You’ve got to ask yourself why the region’s governments dragged their feet for as long as they did when it came to agreeing and putting in place an early tsunami warning system.  The costs were never exorbitant, and at its most basic all that was required were open lines of communication, as this terribly sad farce shows:href="http://www.reuters.co.uk/newsArticle.jhtml?type=topNews&storyID=7183560

If a tsunami had been unleashed in the Gulf of Mexico to such a devastating effect, I have a strong feeling someone somewhere would be getting sued.

And yet, as Reid Basher of the U.N. Platform for the Promotion of Early Warning says, it is too convenient and somewhat unfair to lay the blame on local officialdom "It is easy to be wise after the event, but we must remember that the Indian Ocean has not had a major tsunami for over a century," he recently said. “It is not entirely surprising that the governments there had no warning system in place. They had many other priorities."
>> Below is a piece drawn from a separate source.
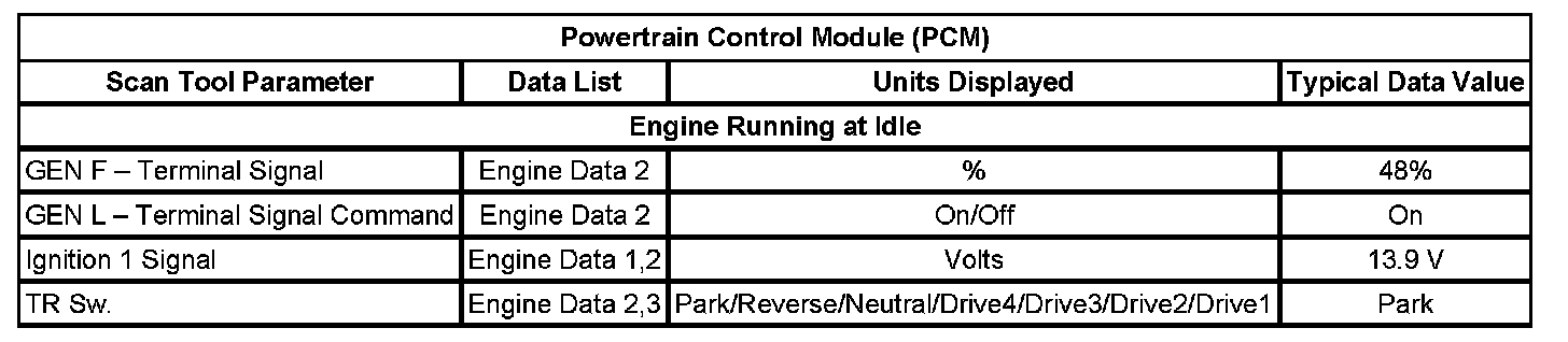 Powertrain Control Module (PCM) Scan Tool Data List:

Fair enough. Still, would we be so forgiving if a deadly tsunami hit our time zone? No way. Not now. Even before the events of Dec. 26 2004, I cannot even begin to conceive how a massive earthquake in the North Atlantic might smash into the western Europe or the U.S. East Coast without some advance warning being first relayed to the local populations by the BBC, TV1, Reuters, etc. But that’s not to be taken for granted, least of all in the less developed south Atlantic.

So how comes there’s no talk of an early warning system for the Atlantic and even Mediterranean (don’t scoff: the experts have for years warned of the tsunami threat)? So it doesn’t happen that often – it didn’t in the Indian Ocean either.

Posted by: Spanish Bill | Jan 6, 2005 6:41:53 PM

Extremely thought-provoking. And having read it twice now - I find it very hard to disagree with everything you said.

I do beg to differ on the "notifying BBC or CNN" bit - because I think these institutions would probably have taken a lot longer than it would have helped to verify such news (remember what the Dr. Kelly affair did to the BBC regarding accuracy of news reporters) - but even if immediately broadcast to hotels in those regions I'm not sure a great number of people would have reacted in time - or news spread quickly enough to save many. Maybe a few - I know it sounds callous to speak so negatively about it possible having saved a few - but the enormity of the numbers makes one speak in such terms - and I hate myself for saying it that way.

Also: I happened to pick up a copy of the Mail on Sunday today - and read an interesting article/interview with the chap in the USA who detected the Earthquake first - and if the report is to be believed - he apparently tried desperately to spread the news as best as he could in the region but failed and apparently wept when he saw the news reports from the affected regions a few hours later.

You're absolutely right though - it *is* an indictment. And lessons will be learned. I hope. And it is indeed the fact that we know so much about it that makes it more galling than other, perhaps more significant in human scale terms, disasters - controllable or otherwise.